I left “Dunkirk” with the word “liminality” on the tip of my tongue. The idea of the liminal space has always intrigued me. A liminal space is that ambiguous disorientation that comes when you exist in that middle ground, uncertain of what comes, or what to do next. It’s a good concept to keep in mind when thinking of Christopher Nolan’s films, generally, and “Dunkirk” in particular, given his penchant for thrusting his audiences, almost always, in the midst of a world that wallows in the liminal.
The key narrative strategy of “Dunkirk” betrays this disposition, presenting us with a story told through muddled timelines on land, sea and in the air. We have three timelines exploring the ways that the British soldiers dealt with the colossal retreat from Dunkirk while under siege from the Germans. But it’s not just three timelines, but three timelines of different lengths–a week, a day and an hour–which are all racing towards (and away from) each other. “Dunkirk” is not an especially narrative film but this strategy is responsible for the film’s narrative panache.
No one, not even his greatest fans, would call Nolan an actor’s director. His interests have always been in macro incidences and striking set-pieces. Although I’m not sure I can commit to “Dunkirk” as his best film (hat-tip to the undervalued “The Prestige”), it is the film that most explicitly represents his disinterest in his actors as anything beyond a means to an end. And, Nolan is not necessarily wrong for this approach in “Dunkirk.” Exploring the horrors of war as a theme does not necessarily require actors to be the centre of any tableau. Nolan’s directorial vision is one of detachment and “Dunkirk” observes all its characters from a distance. They are simply part of a larger milieu that says, ‘Look at this chaos. Look at what war has done.’ And for “Dunkirk,” these ciphers are all expendable.

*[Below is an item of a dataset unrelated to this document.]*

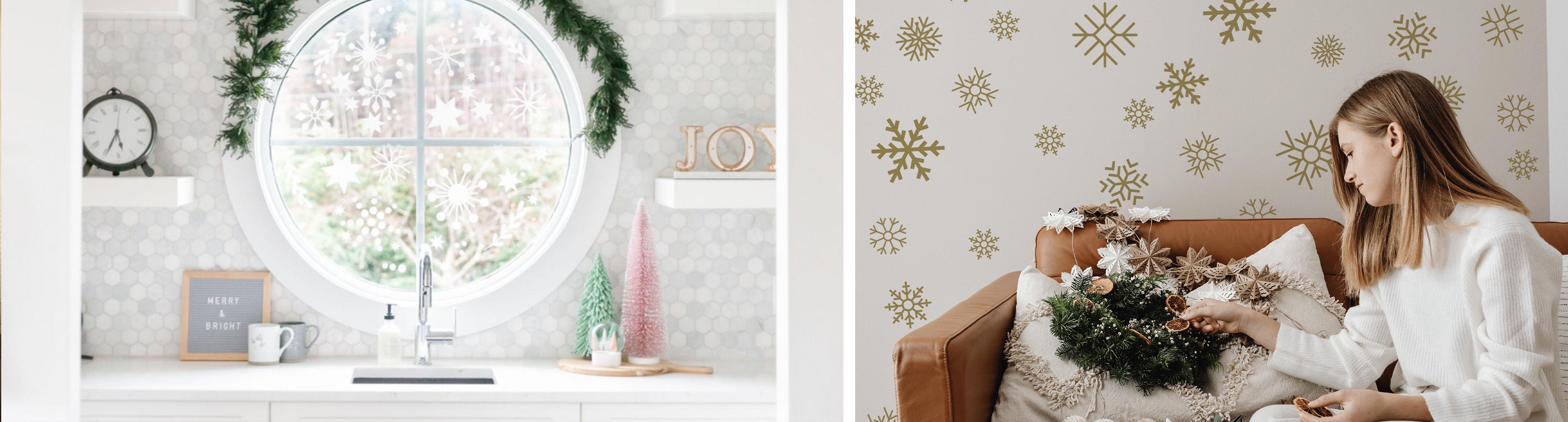 Each decal is freestanding, so you can place and space them however you like. This season’s favorite trend? Arranging your holly decals into a wreath! It’s quicker, cleaner, and far more fun than crafting a real one.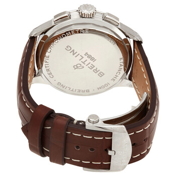 Stainless steel case with a brown (crocodile) leather strap. Fixed stainless steel bezel. Blue dial with luminous silver-tone hands and index hour markers. Minute markers. tachymeter markings around the outer rim. Dial Type: Analog. Luminescent hands and markers. Date display at the 6 o'clock position. Chronograph - three sub-dials displaying: 60 seconds, 30 minutes, and 12 hours. Breitling calibre 13 automatic movement, based upon ETA Valjoux 7750, containing 25 Jewels, bitting at 28800 vph, and has a power reserve of approximately 42 hours. Scratch resistant sapphire crystal. Pull / push crown. Solid case back. Round case shape. Case size: 42 mm. Case thickness: 13.80 mm. Band width: 22 mm. Fold over clasp. Water resistant at 100 meters / 330 feet. Functions: chronograph, date, hour, minute, second, chronometer. Luxury watch style. Watch label: Swiss Made. Breitling Premier Chronograph Automatic Chronometer Blue Dial Men's Watch A13315351C1P1.

It’s why conversations on the inclusive or exclusive nature of the film have been complicated for me. The Guardian published a piece this week about the film’s lack of African and Indian faces, and the argument makes sense. Still, “Dunkirk” is not a movie about expansiveness or a movie about inclusivity, it’s a movie about blinkered focus that is told with blinkered focus. Despite Nolan’s claims that he has been culling this story for some time, the film reveals a director’s intent more than a screenwriter’s (he wrote and directed the film). “Dunkirk” is a director’s symphony that is hardly indebted to its script. Even the most resounding praise-song to it should and must bear this in mind. Certainly, turning those ciphers into ciphers of colour or of another nationality would not damage the film’s blinkered focus. But then it would not improve it either. To be expansive about all those who were at Dunkirk would be to value context, and context is something which “Dunkirk” sharply avoids. The intertitle crawl at the beginning is as sparing as it could be. The aerial shots of the beach under siege (Hoyte Van Hoytema’s photography is gorgeous and compelling) confound more than reveal. “Dunkirk” relishes its decontextualised focus. The film that Nolan presents to us only works with as little context as possible, otherwise the experiment is upended and the focus moves to the things that it lacks and not the thing that it actually produces.
And, generally, I wouldn’t indict Nolan for not focussing on character. The first rule of criticism is critique what is presented to you, not what you want to be presented. And, even as everything in “Dunkirk” eschews character-focused sentiment, the film’s resolution gives me pause. For when the disparate strands comes together and the film hurtles towards its resolution, everything on screen seems to be calling for us to meet the situation with the gratitude of the soldiers. And although we are happy that the chaotic onslaught has ceased, the cheerfulness of the accompanying music (Hans Zimmer’s score has been polarising but I loved it) is not given enough context for us to really respond to it as resoundingly as it urges us to. Look to the last shot for my dilemma. Nolan ends the film on a face and not on an object but the film before that significant end has been more interested in the things and the macros than the faces and the micros. And as good as “Dunkirk” manages to be, the more it settles I can’t help thinking: This is really good. But, surely, there should be something more?
“Dunkirk” succeeds on the most visceral of levels–the film is striking, it is compelling and at the end of it, I was satisfied with what it deigned to do. There’s an irony at its centre, though. The lack of interest in any character as a person makes it more cerebral than emotional. However, its focus on war as something like sensory overload but without any overarching thesis statement beyond “Look, chaos,” makes it come off as decidedly anti-intellectual. “Dunkirk” leans in on all the things Nolan likes: frenetic editing, well produced technical aspects, and a storyline that reads like a puzzle. The result is a film that affects but never charms, a solid film but also a brittle one. Certainly, its vision of history is compromised by its blinkered vision but no one said that war is supposed to be fair or easy to figure out. Nolan, with his ambivalent directorial distance, is happy to leave us in the liminal space to draw our own conclusions.